The Spectrum of Resilience
In the intimate galleries of Rowan University’s Museum of Contemporary Art, Jazlyne Sabree’s The Spectrum of Resilience unfolds as a profound meditation on endurance and reclamation. Running from April 6 through July 30, 2026, this solo exhibition distills the essence of strength, tenacity, vigor, and adaptation as lived by members of the African Diaspora, including the artist’s own ancestral lineage. Sabree’s curatorial premise probes the obscured histories and spiritual undercurrents of Black lives, positioning her subjects as luminous messengers who whisper truths long distorted or erased. Through layered collages, she interrogates environment, memory, and spirituality against the backdrop of a global capitalist system rooted in the labor of enslaved Africans, holding resilience and fragility in exquisite tension. These works demand acceptance of ancestral narratives in an era of inhibition, transforming personal and collective trauma into vibrant declarations of presence.
Sabree’s large-scale collages command attention with their tactile immediacy, blending paint, paper, and found objects into textured portraits that pulse with life. Figures emerge from fragmented surfaces—postures captured in candid moments of joy, struggle, pain, and subtle triumph—elevating everyday sitters into spiritual icons.

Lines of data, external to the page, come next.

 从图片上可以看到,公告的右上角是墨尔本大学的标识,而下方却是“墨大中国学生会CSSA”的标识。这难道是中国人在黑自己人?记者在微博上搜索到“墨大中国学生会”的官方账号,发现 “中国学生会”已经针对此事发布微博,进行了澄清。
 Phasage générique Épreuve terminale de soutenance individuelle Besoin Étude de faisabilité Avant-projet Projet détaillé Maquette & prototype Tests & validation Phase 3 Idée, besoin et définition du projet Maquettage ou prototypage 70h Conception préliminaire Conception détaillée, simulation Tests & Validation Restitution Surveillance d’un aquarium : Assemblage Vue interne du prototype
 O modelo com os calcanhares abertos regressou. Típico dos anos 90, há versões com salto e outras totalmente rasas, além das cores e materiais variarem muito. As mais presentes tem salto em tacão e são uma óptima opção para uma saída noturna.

Beads, scraps of fabric, and ephemera evoke the syncretism of diasporic traditions, where Africanisms persist beyond the continent through acculturation and belief. One senses the physicality of memory in these pieces: edges frayed like forgotten stories, colors blooming with vigor, surfaces built up to mirror the weight of historical displacement. Her self-taught process layers authenticity, refusing polished illusion for raw, collage-driven honesty that invites viewers to trace the genealogy of each form.

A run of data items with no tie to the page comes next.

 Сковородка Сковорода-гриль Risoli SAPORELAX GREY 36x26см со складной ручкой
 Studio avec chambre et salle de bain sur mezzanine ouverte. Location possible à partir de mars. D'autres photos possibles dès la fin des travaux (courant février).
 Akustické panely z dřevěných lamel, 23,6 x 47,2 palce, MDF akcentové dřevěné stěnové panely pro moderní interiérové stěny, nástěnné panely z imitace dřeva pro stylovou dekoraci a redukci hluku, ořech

Rooted in the rich traditions of Black portraiture and collage as acts of resistance, Sabree’s practice echoes the Afrofuturist impulses of artists like Romare Bearden and Kerry James Marshall, who pieced together fragmented histories into bold visual languages. Yet she extends this lineage into contemporary conversations around erasure in the digital age, engaging the healing power of figuration amid African folk culture and the Black LGBTQ experience. Her interdisciplinary voice—honed through exhibitions at institutions like the Montclair Art Museum, Newark Museum, and The Colored Girls Museum—interweaves spirituality with critique, tracing the evolution of diasporic customs in a world still grappling with their suppression.

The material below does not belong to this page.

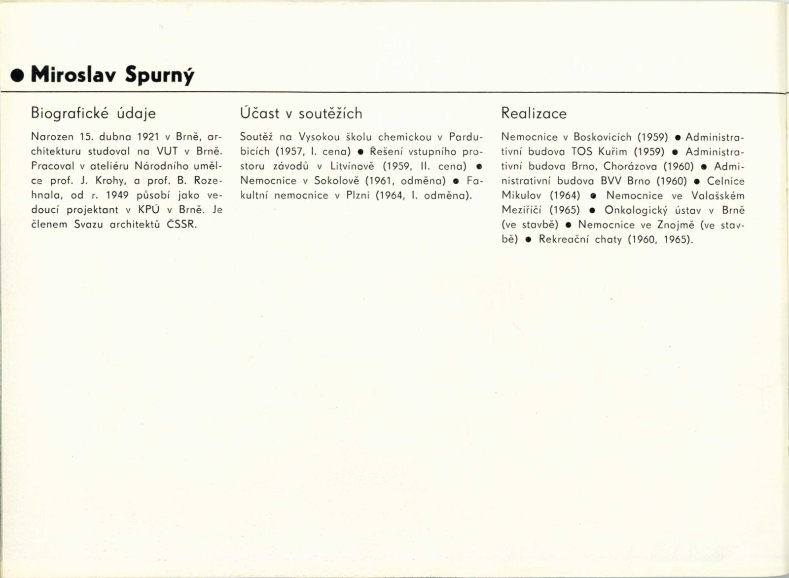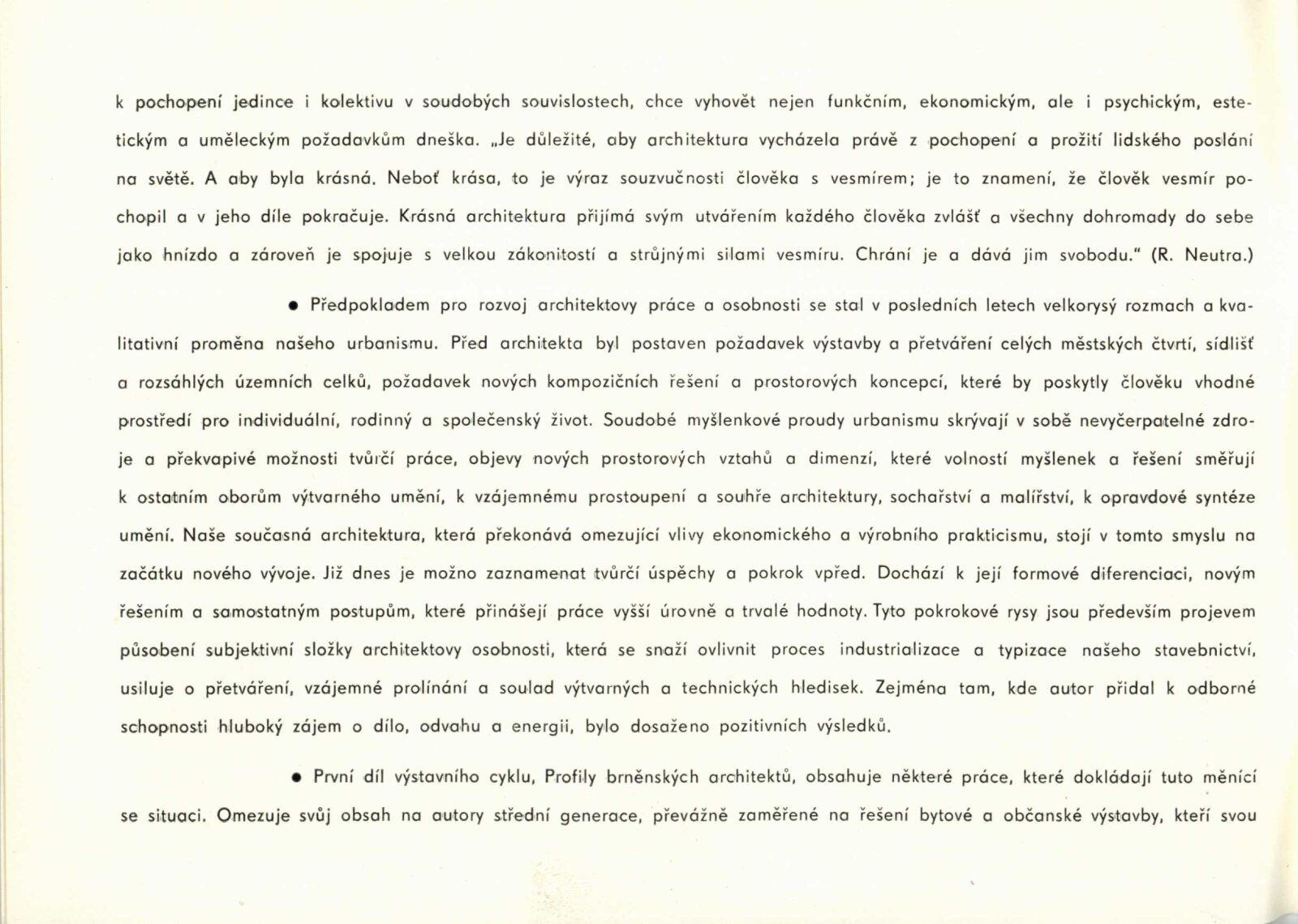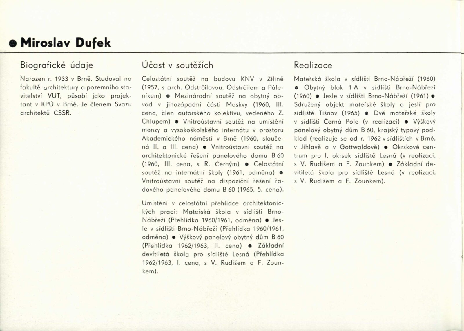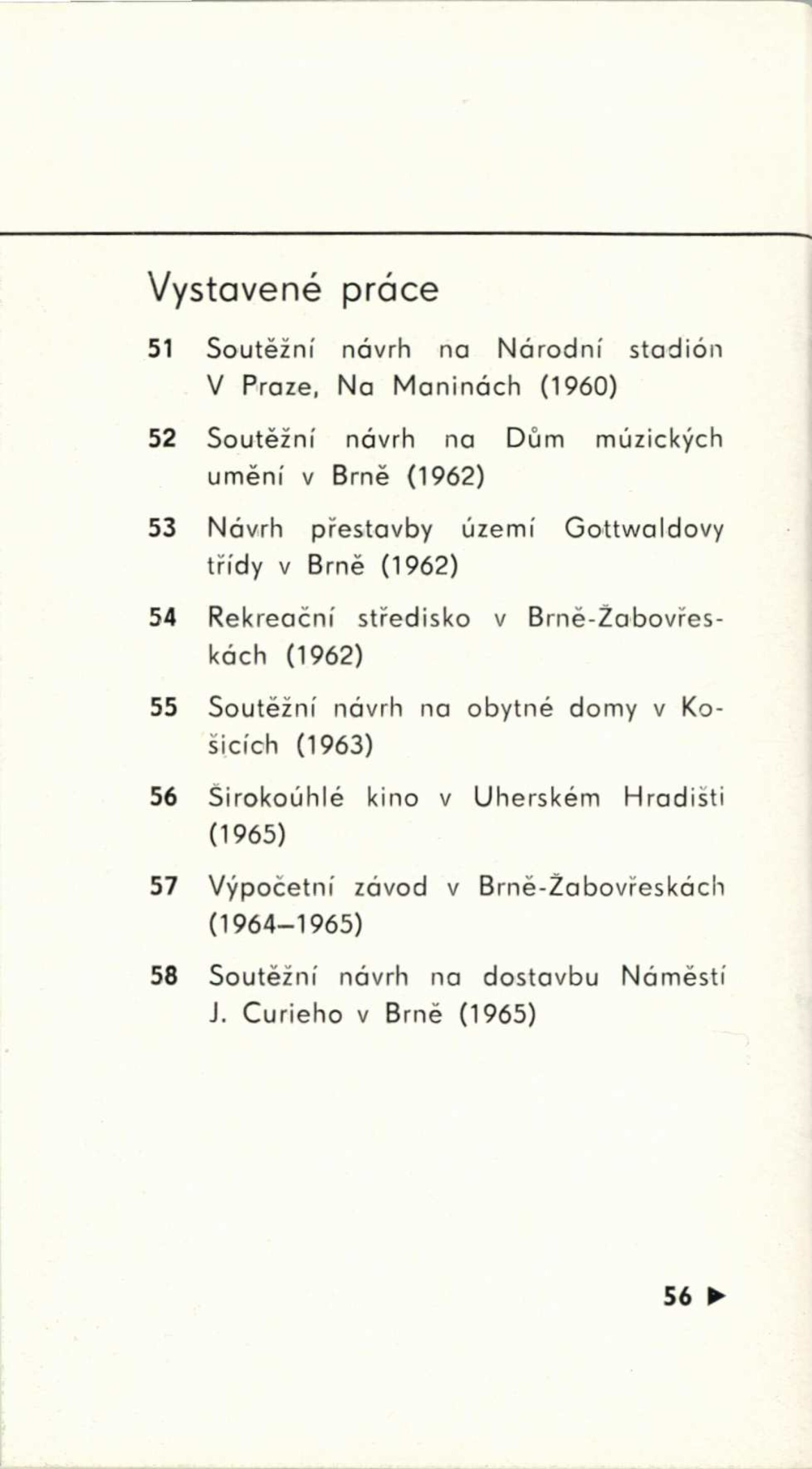 Profily brněnských architektů I: Dům umění města Brna / Dům pánů z Kunštátu, Kabinet architektury Svazu architektů ČSSR, 3. 12. 1965 – 12. 1. 1966 / Text: Iloš Crhonek. – Brno: Svaz architektů ČSSR, 1965. – 76 s., obr., životopisy, soutěže, realizace, studijní cesty + 4 s., obr., DPK 291. – MG; MMB

This exhibition stands as a vital counterpoint to today’s volatility, offering visitors a sanctuary of wholeness through selfless love and heart-mind alignment. Sabree’s radiant visions not only honor the spectrum of Black resilience but compel a reckoning with its ongoing fight for visibility, making The Spectrum of Resilience an unmissable pilgrimage for anyone seeking art that heals, provokes, and restores. In Glassboro’s welcoming spaces, it promises an encounter that lingers, reframing personal narratives within the grand arc of survival.